* **The task**
If a line holds an image, leave the image out; write out everything else in the records exactly.

* * * * * * * * *

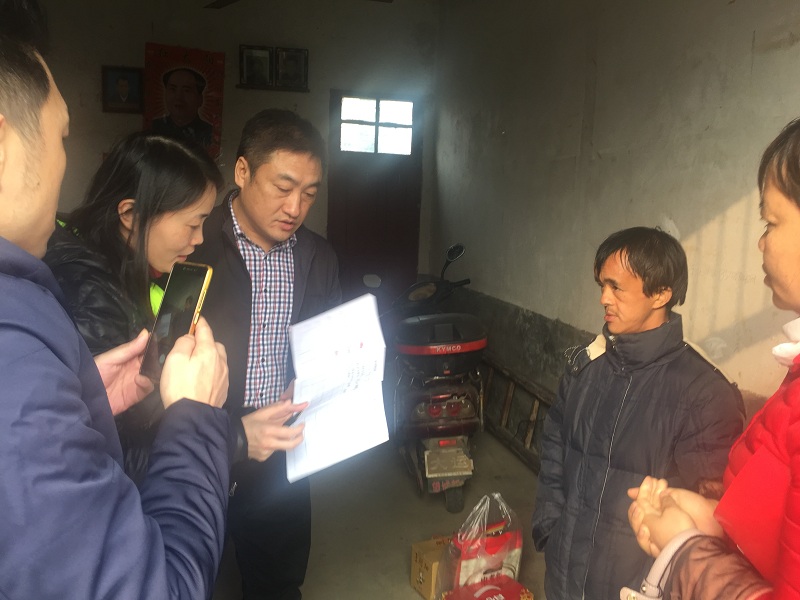 12月4日下午,为切实了解结对帮扶对象的实际生活状况,落实市扶贫办《关于进一步做好贫困户结对帮扶有关工作的紧急通知》的具体要求,征拆事务支部书记刘玉辉一行3人来到长沙市望城区靖港镇杨家山村,看望走访贫困户程雨华一家并送上慰问物资。
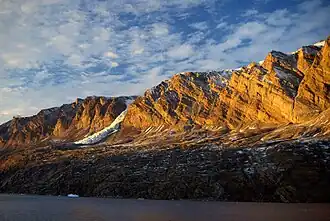 ![]() View of the Daugaard-Jensen Glacier calving area at the head of the fjord. | |
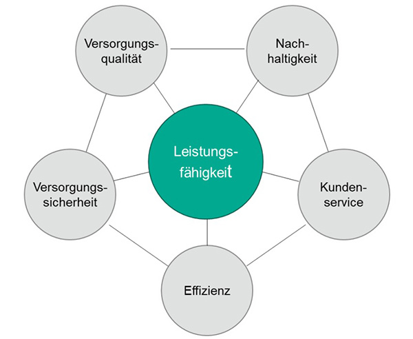 Ziel des Benchmarkings ist es, ein ganzheitliches Bild der Leistungsfähigkeit eines Wasserversorgungsunternehmens (WVU) zu gewinnen. Im Rahmen des Leistungsvergleiches erfolgt deshalb eine Betrachtung unterschiedlicher Beurteilungskriterien entlang der gesamten Wertschöpfungskette. Somit werden verschiedene Aspekte aus den Bereichen Effizienz, Versorgungssicherheit, Versorgungsqualität, Nachhaltigkeit und Kundenservice in die Betrachtung einbezogen.
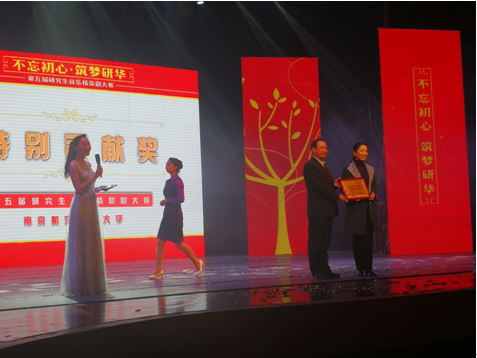 (图为:张捷院长代表成人电影 接受成人电影 院常务副院长江驹教授所颁发的“特别贡献奖”奖牌)
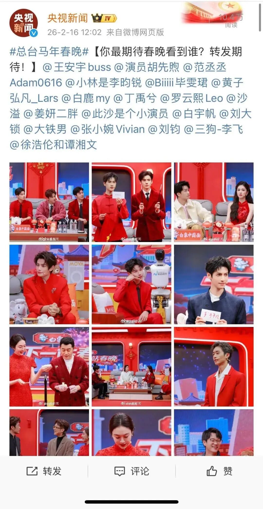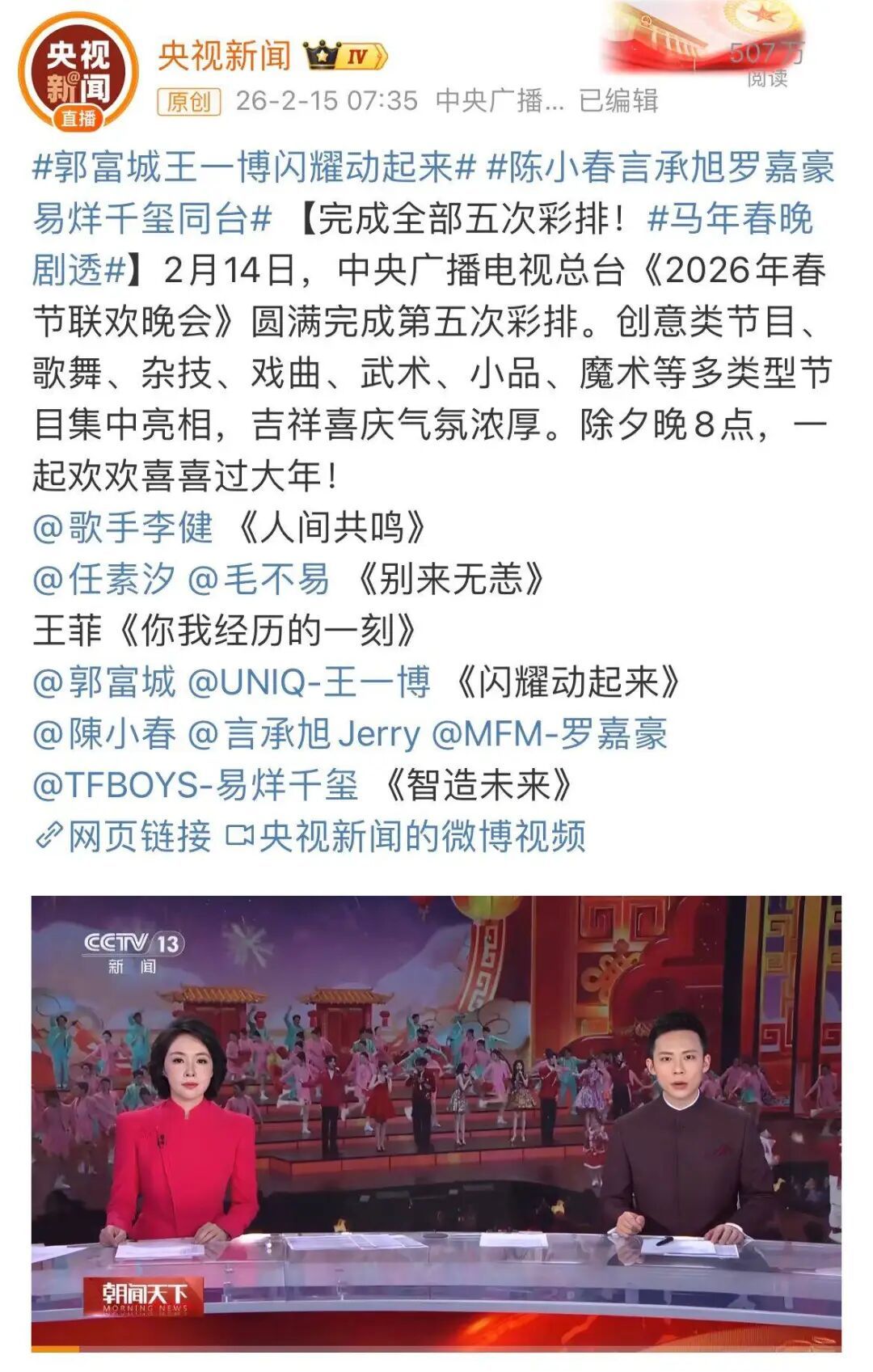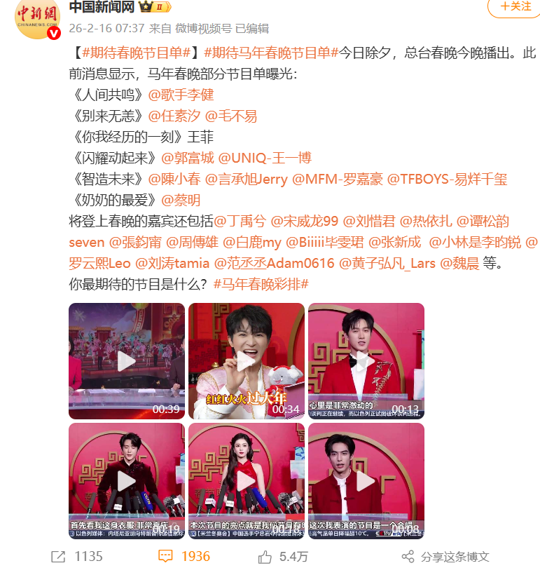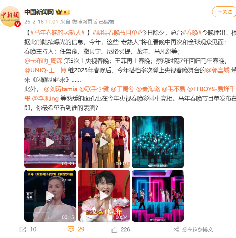 今日除夕,总台春晚今晚播出。此前消息显示,马年春晚部分节目单曝光:

* * * * * * * * *

* **Answer to the problem**
 12月4日下午,为切实了解结对帮扶对象的实际生活状况,落实市扶贫办《关于进一步做好贫困户结对帮扶有关工作的紧急通知》的具体要求,征拆事务支部书记刘玉辉一行3人来到长沙市望城区靖港镇杨家山村,看望走访贫困户程雨华一家并送上慰问物资。
 ![]() View of the Daugaard-Jensen Glacier calving area at the head of the fjord. | |
 Ziel des Benchmarkings ist es, ein ganzheitliches Bild der Leistungsfähigkeit eines Wasserversorgungsunternehmens (WVU) zu gewinnen. Im Rahmen des Leistungsvergleiches erfolgt deshalb eine Betrachtung unterschiedlicher Beurteilungskriterien entlang der gesamten Wertschöpfungskette. Somit werden verschiedene Aspekte aus den Bereichen Effizienz, Versorgungssicherheit, Versorgungsqualität, Nachhaltigkeit und Kundenservice in die Betrachtung einbezogen.
 (图为:张捷院长代表成人电影 接受成人电影 院常务副院长江驹教授所颁发的“特别贡献奖”奖牌)
 今日除夕,总台春晚今晚播出。此前消息显示,马年春晚部分节目单曝光:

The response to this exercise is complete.